We compared the transdifferentiation capacity of cells over 10 (passage 10 [P10]) vs P20. Aging was evaluated by senescence-associated (SA) beta-galactosidase activity and the comet assay. HepaRG transdifferentiation was analyzed by confocal microscopy and flow cytometry (expression of cluster of differentiation 49a [CD49a], CD49f, CD184, epithelial cell adhesion molecule [EpCAM], and cytokeratin 19 [CK19]), quantitative PCR analysis (expression of albumin, cytochrome P450 3A4 [CYP3A4], γ-glutamyl transpeptidase [γ-GT], and carcinoembryonic antigen [CEA]), and functional analyses (albumin secretion, CYP3A4, and γ-GT). Mitochondrial respiration and the ATP and nicotinamide adenine dinucleotide (NAD⁺)/NAD with hydrogen (NADH) content were also measured.

RESULTS

SA β-galactosidase staining was higher in P20 than P10 HepaRG cells; in parallel, the comet assay showed consistent DNA damage in P20 HepaRG cells. With respect to P10, P20 HepaRG cells exhibited a reduction of CD49a, CD49f, CD184, EpCAM, and CK19 after the induction of transdifferentiation. Furthermore, lower gene expression of albumin, CYP3A4, and γ-GT, as well as reduced albumin secretion capacity, CYP3A4, and γ-GT activity were reported in transdifferentiated P20 compared to P10 cells. By contrast, the gene expression level of CEA was not reduced by transdifferentiation in P20 cells. Of note, both cellular and mitochondrial oxygen consumption was lower in P20 than in P10 transdifferentiated cells. Finally, both ATP and NAD⁺/NADH were depleted in P20 cells with respect to P10 cells.

CONCLUSION

SA mitochondrial dysfunction may limit the transdifferentiation potential of HepaRG cells, with consequent impairment of metabolic and regenerative properties, which may alter applications in basic studies.
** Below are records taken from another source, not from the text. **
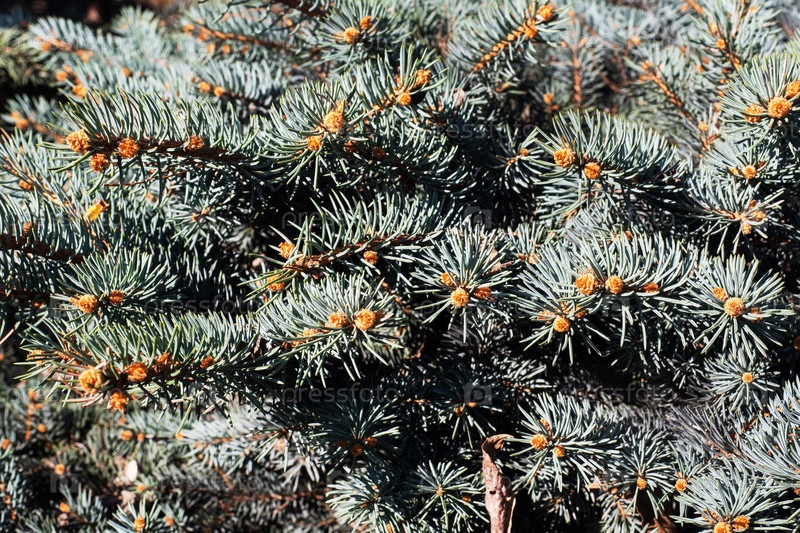 Фон еловых веток сине-зеленый, текстура натуральная. Крупный план
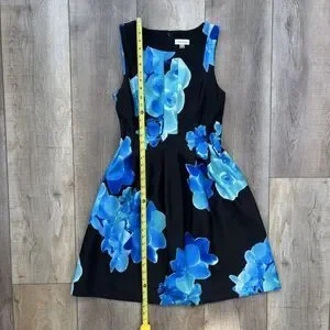 Calvin Klein Blue Black Sleeveless Floral Fit & Flare Cocktail Dress Sz 8 Spring
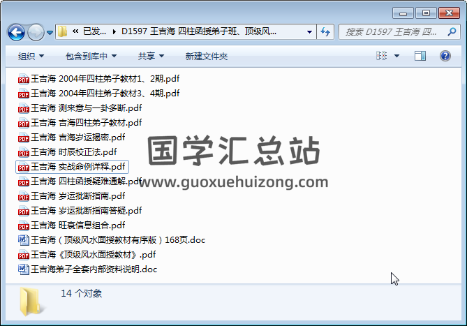 王吉海 四柱函授弟子班、顶级风水面授班教材等资料14份
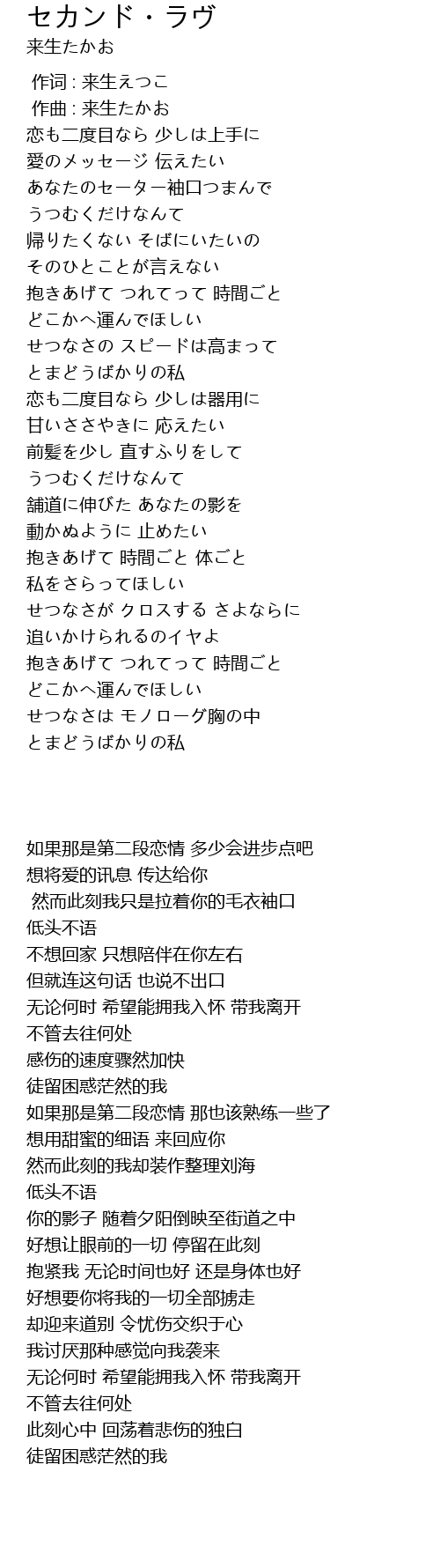 | [00:01.000] | 作曲 : 来生たかお |
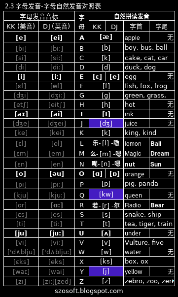 - 左边是字母本身的发音音标,分别有KK及DJ音标;

Keywords: Senescence; HepaRG cells; Transdifferentiation; Mitochondria; Regeneration; Nicotinamide adenine dinucleotide

Core Tip: The human HepaRG cell line represents an effective model for the study of liver metabolism and hepatic progenitors. However, the impact of senescence on HepaRG cells is not known. We characterized the effects of senescence on the transdifferentiation capacity and mitochondrial metabolism of HepaRG cells. By using a replication protocol, we described higher senescence-associated markers and lower transdifferentiation markers in passage 20 (P20) than in P10 cells. Cellular and mitochondrial oxygen consumption, and ATP and nicotinamide adenine dinucleotide (NAD⁺)/NAD with hydrogen (NADH) content were lower in P20 than in P10 transdifferentiated cells. To conclude, senescence-associated mitochondrial dysfunction may limit the transdifferentiation potential of HepaRG cells.